Information supplied:
★ ★ ★ ★
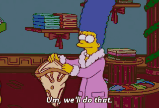 Um, we'll do that. Stand back when you open it. Doing pretty good so far. A key ring for Marge, key ring for Bart... (GASPS)
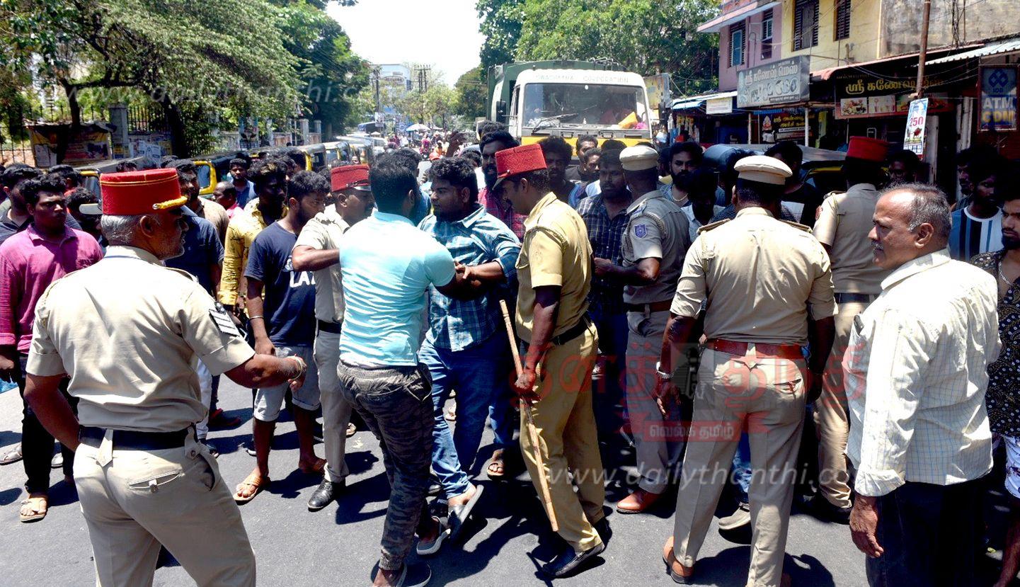 இந்த நிலையில் விஷால் உடல் இன்று காலை கதிர்காமம் அரசு மருத்துவக்கல்லூரி மருத்துவமனையில் பிரேத பரிசோதனை முடிந்து உறவினர்களிடம் ஒப்படைக்கப்பட்டது. ஆனால், அவர்கள் உடலை வாங்க மறுத்த உறவினர்கள், மருத்துவக்கல்லூரி மருத்துவமனை முன்பு வழுதாவூர் சாலையில் மறியல் போராட்டம் நடத்தினர். தகவல் அறிந்த கோரிமேடு போலீசார் அங்கு விரைந்து சென்று போராட்டத்தில் ஈடுபட்டவர்களிடம் பேச்சுவார்த்தை நடத்தினர். அப்போது போலீசாருக்கும், மறியலில் ஈடுபட்டவர்களுக்கும் இடையே தள்ளுமுள்ளு ஏற்பட்டது. இதனால், அங்கு சற்று பரபரப்பு ஏற்பட்டதுடன் போக்குவரத்தும் பாதிக்கப்பட்டது.
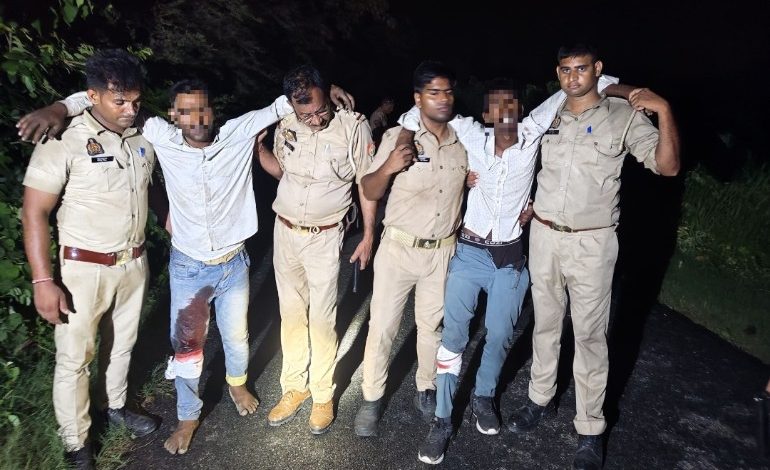 चेकिंग के दौरान लूट के दो आरोपी पुलिस मुठभेड़ में घायल, अवैध हथियार व लूट का माल बरामद
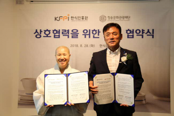청송문화관광재단(이사장 윤경희)과 한식진흥원(이사장 선재)이 지난 28일(화) 서울 중구에 위치한 한식문화관에서 업무협약(MOU)을 체결했다.
★ ★ ★ ★
Problem requirements: Quote, exactly and only, the lines from the first line of the data above through the line containing "चेकिंग के दौरान". The pictures do not belong in it.

Finished task:
 Um, we'll do that. Stand back when you open it. Doing pretty good so far. A key ring for Marge, key ring for Bart... (GASPS)
 இந்த நிலையில் விஷால் உடல் இன்று காலை கதிர்காமம் அரசு மருத்துவக்கல்லூரி மருத்துவமனையில் பிரேத பரிசோதனை முடிந்து உறவினர்களிடம் ஒப்படைக்கப்பட்டது. ஆனால், அவர்கள் உடலை வாங்க மறுத்த உறவினர்கள், மருத்துவக்கல்லூரி மருத்துவமனை முன்பு வழுதாவூர் சாலையில் மறியல் போராட்டம் நடத்தினர். தகவல் அறிந்த கோரிமேடு போலீசார் அங்கு விரைந்து சென்று போராட்டத்தில் ஈடுபட்டவர்களிடம் பேச்சுவார்த்தை நடத்தினர். அப்போது போலீசாருக்கும், மறியலில் ஈடுபட்டவர்களுக்கும் இடையே தள்ளுமுள்ளு ஏற்பட்டது. இதனால், அங்கு சற்று பரபரப்பு ஏற்பட்டதுடன் போக்குவரத்தும் பாதிக்கப்பட்டது.
 चेकिंग के दौरान लूट के दो आरोपी पुलिस मुठभेड़ में घायल, अवैध हथियार व लूट का माल बरामद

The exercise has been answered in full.